D’autre part, le traitement des déchets entre dans le cadre de la décentralisation de l’Etat vers le Conseil général qui devient l’acteur principal de la gestion des déchets et doit en ce sens élaborer les trois types de plans : celui de la Prévention de déchets dangereux, celui des déchets non dangereux et enfin des déchets du BTP.
Si Ibrahim Ahmed Combo qui en a la charge, annonçait que l’appel d’offre du Plan des déchets dangereux avait été lancé le 28 mars 2014, il se plaint d’un «sous dimensionnement de la Direction de l’Environnement du Conseil général qui ne permet pas de traiter tous les domaines en même temps». Ainsi, on apprenait que le Plan de gestion des déchets du BTP ne serait révisé qu’en 2015.

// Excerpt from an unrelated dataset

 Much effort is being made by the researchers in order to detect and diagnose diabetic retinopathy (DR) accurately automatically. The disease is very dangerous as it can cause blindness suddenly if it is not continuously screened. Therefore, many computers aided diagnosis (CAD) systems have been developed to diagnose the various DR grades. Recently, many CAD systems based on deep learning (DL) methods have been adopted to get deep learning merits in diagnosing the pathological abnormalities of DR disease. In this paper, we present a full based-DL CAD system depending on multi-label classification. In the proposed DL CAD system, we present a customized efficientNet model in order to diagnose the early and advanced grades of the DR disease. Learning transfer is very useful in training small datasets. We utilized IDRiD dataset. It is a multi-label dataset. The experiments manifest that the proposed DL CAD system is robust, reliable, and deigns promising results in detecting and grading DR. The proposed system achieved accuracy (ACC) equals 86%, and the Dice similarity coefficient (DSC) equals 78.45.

Sans véritable cadre, les plus grosses entreprises mènent leur propre réflexion. C’est le cas de EBE, Entreprises Bugna Eric, qui enfouit aujourd’hui 100% de ses déchets inertes, «sans aucun impact pour l’environnement», indique son représentant qui annonce viser leur réutilisation à 80%.
Intéresser au recyclage
Tetrama a valeur d’exemple. Entreprise spécialisée en voirie et terrassement, elle possède quatre sites de stockage de déchets inerte sur l’île. Les prix pour le stockage des déchets varient entre 17€ et 66€/m3 selon qu’il s’agit de terre pouzzolane (volcanique) ou de béton ferraillé. Leur valorisation est diverse : «la terre pouzzolane est réutilisée en remblai sur certains chantiers, les pneus usagés déchiquetés, les déchets verts sont en cours d’étude mais les arbres débroussaillés partent déjà vers la scierie de Coconi, et enfin, nous pratiquons le tri sélectif sur les chantiers», indique Laetitia Rimoux, chargée de mission environnement chez Tetrama.

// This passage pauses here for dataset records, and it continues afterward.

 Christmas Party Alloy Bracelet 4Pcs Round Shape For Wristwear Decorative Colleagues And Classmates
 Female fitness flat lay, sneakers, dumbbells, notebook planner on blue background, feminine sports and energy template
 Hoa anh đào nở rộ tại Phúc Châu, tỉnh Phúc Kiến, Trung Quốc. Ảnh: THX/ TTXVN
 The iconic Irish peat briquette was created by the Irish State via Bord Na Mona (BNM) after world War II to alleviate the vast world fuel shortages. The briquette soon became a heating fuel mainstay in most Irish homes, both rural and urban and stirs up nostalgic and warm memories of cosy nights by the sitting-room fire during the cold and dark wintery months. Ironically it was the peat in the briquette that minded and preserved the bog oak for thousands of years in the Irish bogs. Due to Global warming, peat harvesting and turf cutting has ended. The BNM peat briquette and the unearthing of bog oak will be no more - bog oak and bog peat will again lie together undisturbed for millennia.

Mais la jeune femme ne veut bercer personne d’illusions, «la valorisation est une opération coûteuse pour les entreprises et pas forcément plus intéressante que l’envoi vers le centre de stockage des déchets non dangereux (ISDND)». Seule la prise de conscience de préserver l’environnement pour les générations futures fait la différence…

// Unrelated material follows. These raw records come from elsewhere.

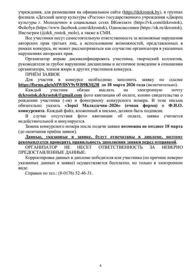 Благодарности для руководителей участников открытого конкурса детского и юношеского творчества «Зоркі Маладзечна - 2026» (заочная форма)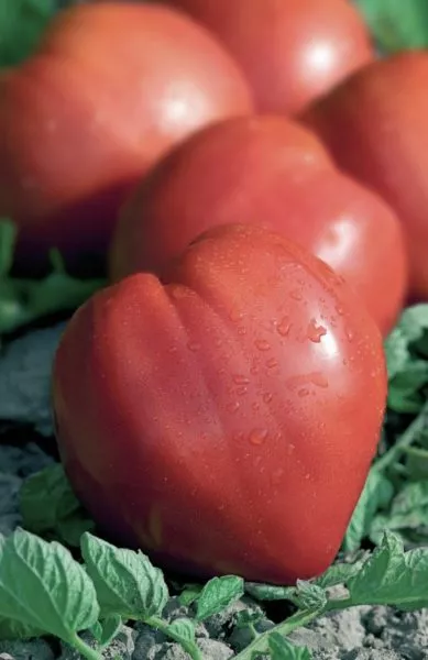 Внешний вид растения типичен для индетерминантных томатов: мощный, сильнорослый куст с длинными междоузлиями и крупными, темно-зелеными листьями. Однако его уникальность полностью раскрывается в плодах. Помидоры этого сорта имеют идеальную сердцевидную форму, часто с небольшой ребристостью у плодоножки. В стадии полной зрелости они приобретают глубокий, теплый малиново-розовый оттенок.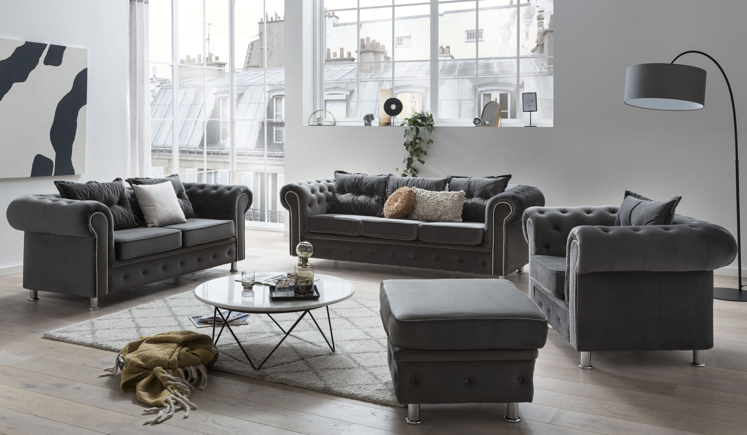 Trivietė ir dvivietė sofos taip pat gali būti komplektuojamos su miego funkcija, todėl šis rinkinys derina stilių su praktiškumu. Modernus dizainas, subtiliai suapvalintos formos ir komfortiškos sėdimosios pagalvės suteikia baldui išskirtinį jaukumo ir elegancijos pojūtį.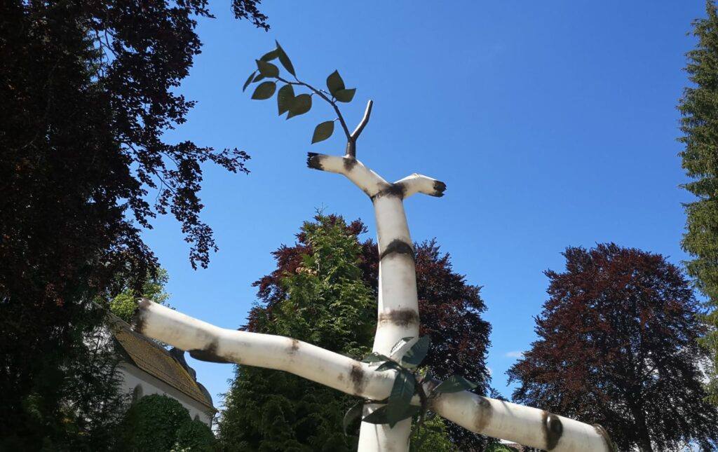 Die Birke, deren Blätter im Frühjahr als erste sprießen, steht symbolisch für das Erwachen der Natur, ganz allgemein für den Neubeginn und – im christlichen Sinn – auch für die Hoffnung auf die Auferstehung. In diesem Sinn ist bestimmt auch das grüne Birkenlaub zu verstehen, das hier aus dem an sich toten Birkenholz sprießt.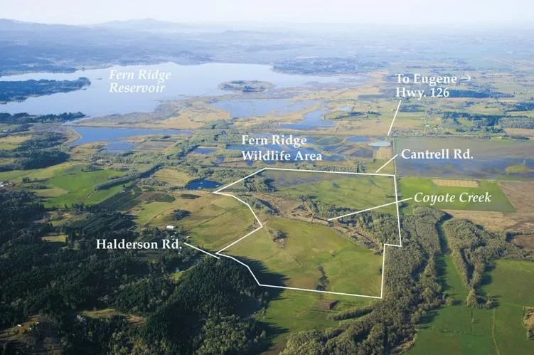 This 310 acre farmland property is located five miles west of Eugene, along Coyote Creek. It is next to both the Coyote Creek Nature Trail, part of the Fern Ridge Wildlife Area maintained by the Oregon Department of Fish and Wildlife, and the Coyote Prairie Wetland Mitigation Tract, owned by the city of Eugene. The irregularshape tract has frontage to the north along Cantrell Road and to the southeast along Halderson Road. Coyote Creek bisects the property and is tributary to Fern Ridge Reservoir.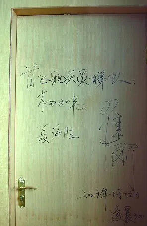 吃完这一餐,准备离开航天员公寓前,航天员还会在自己的宿舍门上写下名字和出征时间,留作纪念,将这一刻永远定格在了历史的记忆中。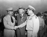 Image shows from left to right, Lieutenant Colonel Rafael Suarez, Mexico City, purchasing agent for the Mexican Air Force. Center is Dean E. H. Hereford, North Texas Agricultural College (NTAC) and right, Brigadier General Roger Ramey, commander of the 8th Air Force at the NTAC air field dedication at Grand Prairie. Published in Fort Worth Star-Telegram morning edition November 10, 1947.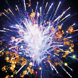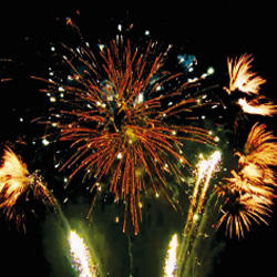 Трещащие золотые хвосты. Золотое и цветное мерцание. Разноцветные звезды. Множество золотых и серебряных ниспадающих нитей. Веер. Золотые и цветные букеты. Свист. Серебряная вертушка. Кометы. Сфера золотых хвостов.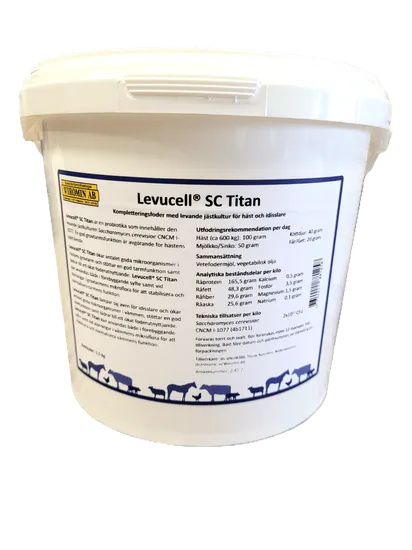 Levucell® SC Titan tillför den aktiva levande jästen Saccharomyces cerevisiae CNCM I-1077. En god grovtarmsfunktion är avgörande för hästens välmående. Levucell är både en probiotika och prebiotika det vill säga, Levucell ökar mängden viktiga mikroorganismer samt bidrar till en god miljö för tillväxt och överlevnad av de befintliga goda mikroorganismerna i hästens grovtarm. Levucell® SC Titan tillför mikroorganismer till hästens grovtarm som bryter ned fiberfraktionen i fodret och på så vis förbättrar foderutnyttjandet. Levucell kan användas både i förebyggande syfte samt vid störningar i grovtarmens mikroflora för att stabilisera och normalisera tarmens funktion.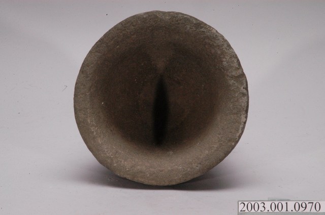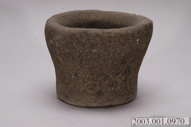 石臼外型呈現圓桶狀,由上部些微往底座內縮,形成上寬下窄的器型,不見成套的杵。製作方式將石材的中央雕鑿出半圓球狀的凹槽容器,用以裝盛加工處理的食材。石臼口緣處有些許剝落痕跡。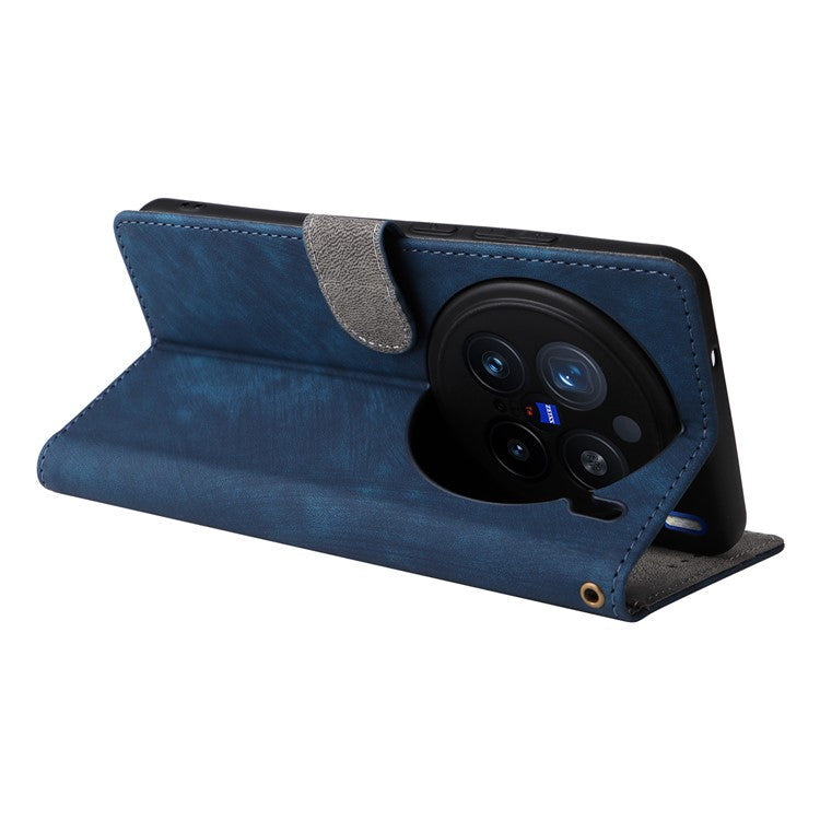 For vivo X200 Pro 5G Wallet Phone Case RFID Blocking PU Leather Flip Cover Stand View - Blue

Un constat qui nécessite un accompagnement pour Olivier Novou, élu CCI organisateur de la matinale. «D’autant plus que l’Europe n’accordera des aides que si les 70% de récupération de la directive Grenelle sont effectifs», rappelait Fabrice Molini.
La vertu de cette matinale CCI organisée dans le cadre du développement durable aura été de mettre les acteurs en présence, «une accélération de l’échéancier serait une bonne chose», concluait Olivier Novou.